───── Data ─────

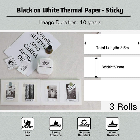 Memoking T02/M02X/M02L White Thermal Paper - 10 Years Sticky 50mm x 3.5m for Journal Photo Texts, Study Notes & More, 3 Rolls
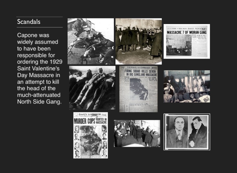 Capone was widely assumed to have been responsible for ordering the 1929 Saint Valentine's Day Massacre in an attempt to kill the head of the much-attenuated North Side Gang.
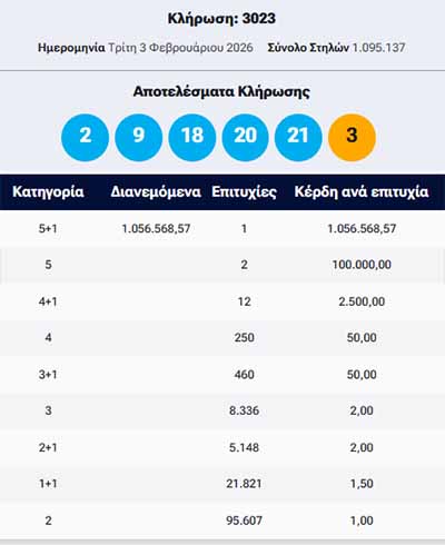 Στην πρώτη κατηγορία (5+1) βρέθηκε 1 στήλη που κερδίζει 1.056.568,57 ευρώ στην κλήρωση του Τζόκερ της Τρίτη 3 Φεβρουαρίου 2025

─────

- **Your task**:
Return every line of the data above exactly, and omit all pictures.

- **Problem solution**:
 Memoking T02/M02X/M02L White Thermal Paper - 10 Years Sticky 50mm x 3.5m for Journal Photo Texts, Study Notes & More, 3 Rolls
 Capone was widely assumed to have been responsible for ordering the 1929 Saint Valentine's Day Massacre in an attempt to kill the head of the much-attenuated North Side Gang.
 Στην πρώτη κατηγορία (5+1) βρέθηκε 1 στήλη που κερδίζει 1.056.568,57 ευρώ στην κλήρωση του Τζόκερ της Τρίτη 3 Φεβρουαρίου 2025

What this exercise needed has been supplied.